(Work instructions) Given the material below, return only the lines starting at the line with "- Off the shelf" and ending at the line with "Ligue 1 (Franța)", exactly as they appear.

━━━ Records for the exercise

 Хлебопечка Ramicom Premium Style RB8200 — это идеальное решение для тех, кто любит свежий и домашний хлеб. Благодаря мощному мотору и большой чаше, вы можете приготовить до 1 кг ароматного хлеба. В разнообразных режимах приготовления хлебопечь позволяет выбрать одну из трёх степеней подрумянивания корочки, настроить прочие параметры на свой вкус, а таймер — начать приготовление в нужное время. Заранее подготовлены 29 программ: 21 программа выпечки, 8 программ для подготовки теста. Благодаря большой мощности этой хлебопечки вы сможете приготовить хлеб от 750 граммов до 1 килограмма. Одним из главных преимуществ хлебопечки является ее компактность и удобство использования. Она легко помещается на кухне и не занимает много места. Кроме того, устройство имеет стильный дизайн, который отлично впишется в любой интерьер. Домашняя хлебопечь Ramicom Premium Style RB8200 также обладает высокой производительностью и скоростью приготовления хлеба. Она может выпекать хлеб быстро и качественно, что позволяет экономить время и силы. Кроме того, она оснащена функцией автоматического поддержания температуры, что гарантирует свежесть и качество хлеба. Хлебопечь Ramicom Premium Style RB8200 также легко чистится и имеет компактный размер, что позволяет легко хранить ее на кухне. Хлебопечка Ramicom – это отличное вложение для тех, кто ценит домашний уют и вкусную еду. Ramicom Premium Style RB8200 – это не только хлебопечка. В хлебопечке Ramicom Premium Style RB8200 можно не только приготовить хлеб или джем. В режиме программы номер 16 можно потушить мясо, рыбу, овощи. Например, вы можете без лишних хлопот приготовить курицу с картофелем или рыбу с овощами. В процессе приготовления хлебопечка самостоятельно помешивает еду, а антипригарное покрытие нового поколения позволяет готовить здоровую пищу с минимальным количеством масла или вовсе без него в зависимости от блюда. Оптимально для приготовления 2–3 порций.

━━━━━━
━━━ Records for the exercise

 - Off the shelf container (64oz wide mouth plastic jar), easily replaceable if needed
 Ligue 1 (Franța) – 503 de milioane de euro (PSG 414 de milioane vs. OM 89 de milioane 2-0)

━━━━━━

(Answer space)
 - Off the shelf container (64oz wide mouth plastic jar), easily replaceable if needed
 Ligue 1 (Franța) – 503 de milioane de euro (PSG 414 de milioane vs. OM 89 de milioane 2-0)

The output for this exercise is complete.